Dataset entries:
◇ ◇ ◇ ◇ ◇

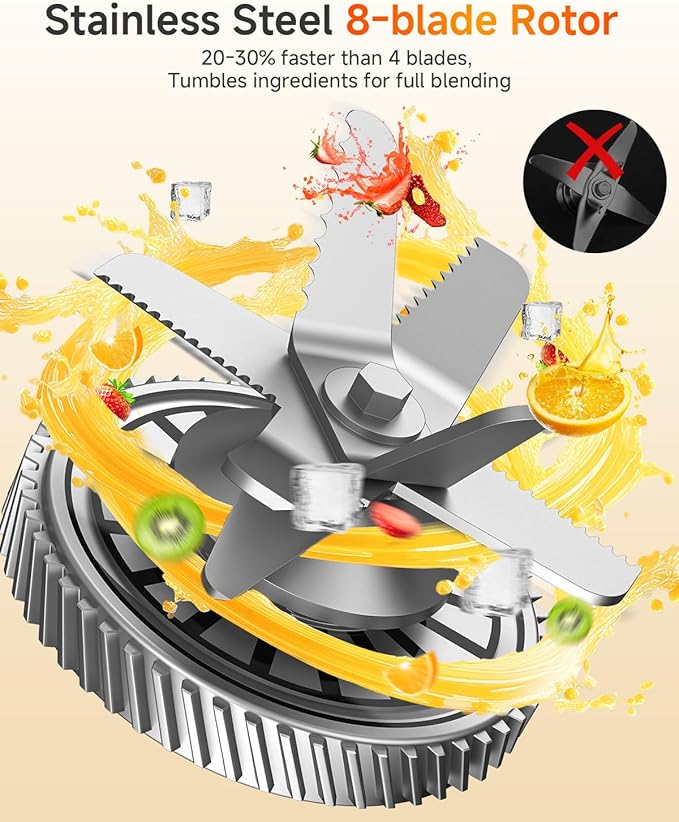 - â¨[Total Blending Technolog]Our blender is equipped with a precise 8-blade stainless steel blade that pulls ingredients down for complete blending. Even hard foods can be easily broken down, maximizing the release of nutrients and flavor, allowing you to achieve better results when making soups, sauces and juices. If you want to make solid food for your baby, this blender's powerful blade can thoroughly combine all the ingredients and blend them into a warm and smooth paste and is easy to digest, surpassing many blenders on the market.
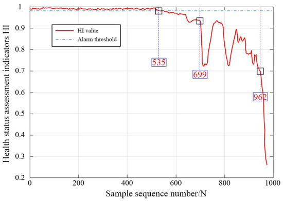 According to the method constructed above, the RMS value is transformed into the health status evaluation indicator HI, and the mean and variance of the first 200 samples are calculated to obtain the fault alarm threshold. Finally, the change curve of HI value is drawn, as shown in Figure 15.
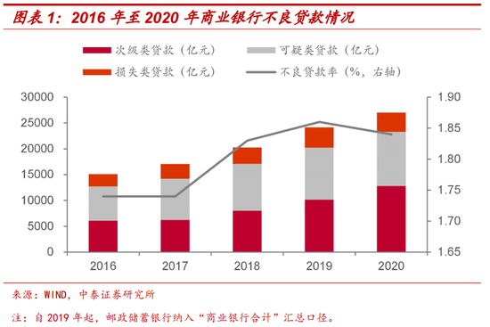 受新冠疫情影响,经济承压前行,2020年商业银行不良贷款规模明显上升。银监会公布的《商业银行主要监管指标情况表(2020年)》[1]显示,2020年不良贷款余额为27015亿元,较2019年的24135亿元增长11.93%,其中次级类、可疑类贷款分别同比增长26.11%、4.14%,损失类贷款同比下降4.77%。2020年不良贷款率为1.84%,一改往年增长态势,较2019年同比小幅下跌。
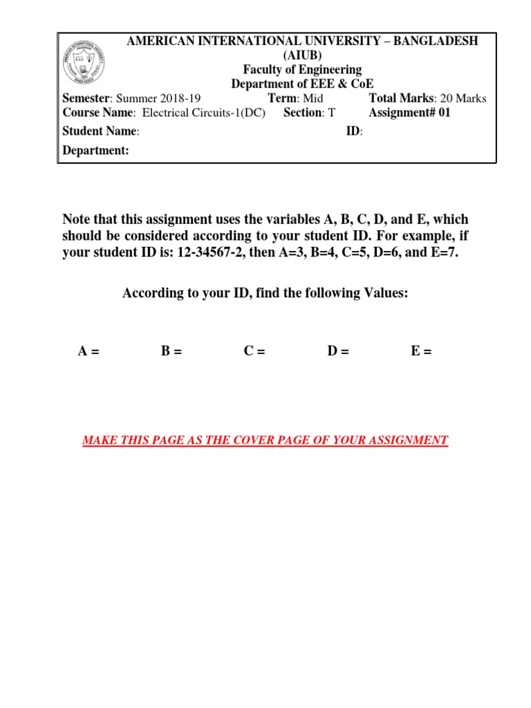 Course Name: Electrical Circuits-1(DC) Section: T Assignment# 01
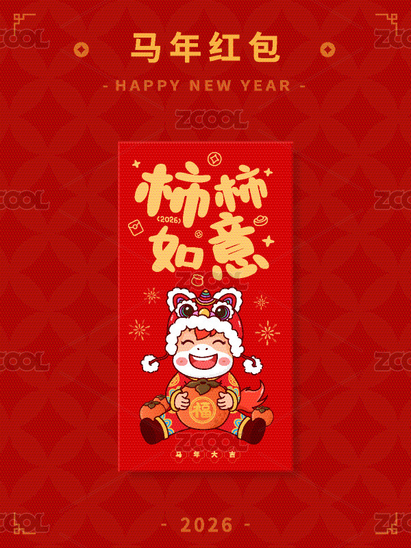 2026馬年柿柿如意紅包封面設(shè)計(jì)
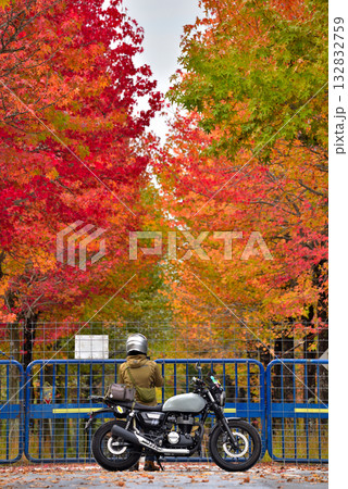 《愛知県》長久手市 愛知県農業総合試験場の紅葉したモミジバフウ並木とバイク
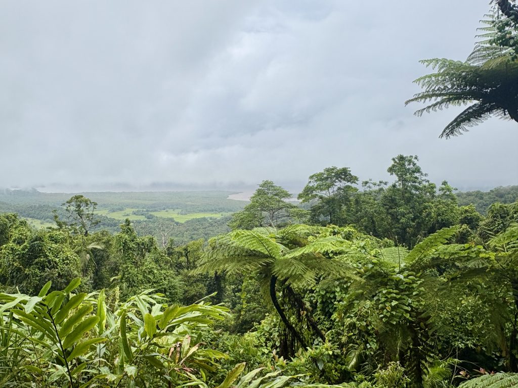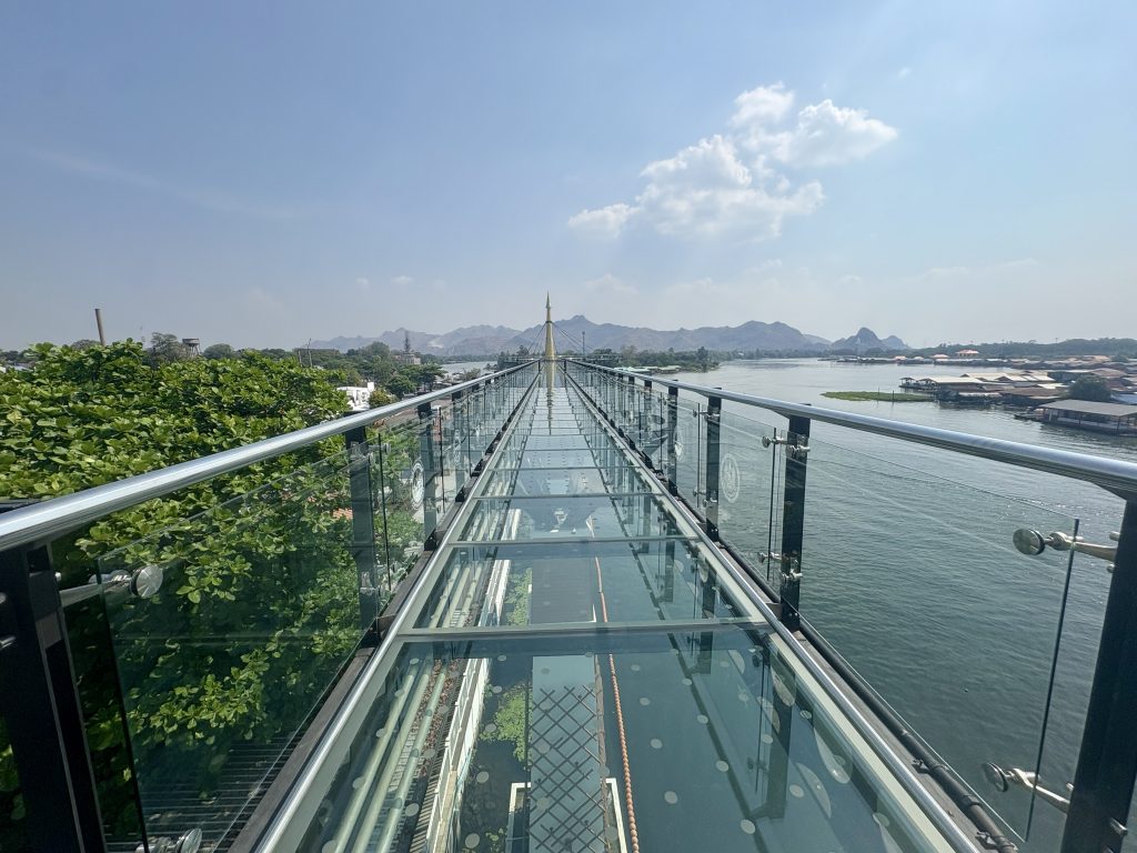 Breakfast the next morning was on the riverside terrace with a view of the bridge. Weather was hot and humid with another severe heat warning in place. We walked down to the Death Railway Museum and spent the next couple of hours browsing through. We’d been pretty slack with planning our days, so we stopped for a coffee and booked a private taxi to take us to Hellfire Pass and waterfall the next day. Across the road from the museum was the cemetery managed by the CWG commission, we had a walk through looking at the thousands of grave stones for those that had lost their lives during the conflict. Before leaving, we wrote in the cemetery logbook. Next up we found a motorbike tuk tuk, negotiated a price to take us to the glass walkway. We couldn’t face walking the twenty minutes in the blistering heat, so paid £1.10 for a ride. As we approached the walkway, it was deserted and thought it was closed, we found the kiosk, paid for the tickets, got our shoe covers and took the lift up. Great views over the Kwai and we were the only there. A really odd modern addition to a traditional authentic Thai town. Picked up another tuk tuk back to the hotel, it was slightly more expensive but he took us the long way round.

◇ ◇ ◇ ◇ ◇

• **Task goal**: If a record holds a picture, drop the picture and return the rest of it exactly.

• **Exercise solution**:
 - â¨[Total Blending Technolog]Our blender is equipped with a precise 8-blade stainless steel blade that pulls ingredients down for complete blending. Even hard foods can be easily broken down, maximizing the release of nutrients and flavor, allowing you to achieve better results when making soups, sauces and juices. If you want to make solid food for your baby, this blender's powerful blade can thoroughly combine all the ingredients and blend them into a warm and smooth paste and is easy to digest, surpassing many blenders on the market.
 According to the method constructed above, the RMS value is transformed into the health status evaluation indicator HI, and the mean and variance of the first 200 samples are calculated to obtain the fault alarm threshold. Finally, the change curve of HI value is drawn, as shown in Figure 15.
 受新冠疫情影响,经济承压前行,2020年商业银行不良贷款规模明显上升。银监会公布的《商业银行主要监管指标情况表(2020年)》[1]显示,2020年不良贷款余额为27015亿元,较2019年的24135亿元增长11.93%,其中次级类、可疑类贷款分别同比增长26.11%、4.14%,损失类贷款同比下降4.77%。2020年不良贷款率为1.84%,一改往年增长态势,较2019年同比小幅下跌。
 Course Name: Electrical Circuits-1(DC) Section: T Assignment# 01
 2026馬年柿柿如意紅包封面設(shè)計(jì)
 《愛知県》長久手市 愛知県農業総合試験場の紅葉したモミジバフウ並木とバイク
 Breakfast the next morning was on the riverside terrace with a view of the bridge. Weather was hot and humid with another severe heat warning in place. We walked down to the Death Railway Museum and spent the next couple of hours browsing through. We’d been pretty slack with planning our days, so we stopped for a coffee and booked a private taxi to take us to Hellfire Pass and waterfall the next day. Across the road from the museum was the cemetery managed by the CWG commission, we had a walk through looking at the thousands of grave stones for those that had lost their lives during the conflict. Before leaving, we wrote in the cemetery logbook. Next up we found a motorbike tuk tuk, negotiated a price to take us to the glass walkway. We couldn’t face walking the twenty minutes in the blistering heat, so paid £1.10 for a ride. As we approached the walkway, it was deserted and thought it was closed, we found the kiosk, paid for the tickets, got our shoe covers and took the lift up. Great views over the Kwai and we were the only there. A really odd modern addition to a traditional authentic Thai town. Picked up another tuk tuk back to the hotel, it was slightly more expensive but he took us the long way round.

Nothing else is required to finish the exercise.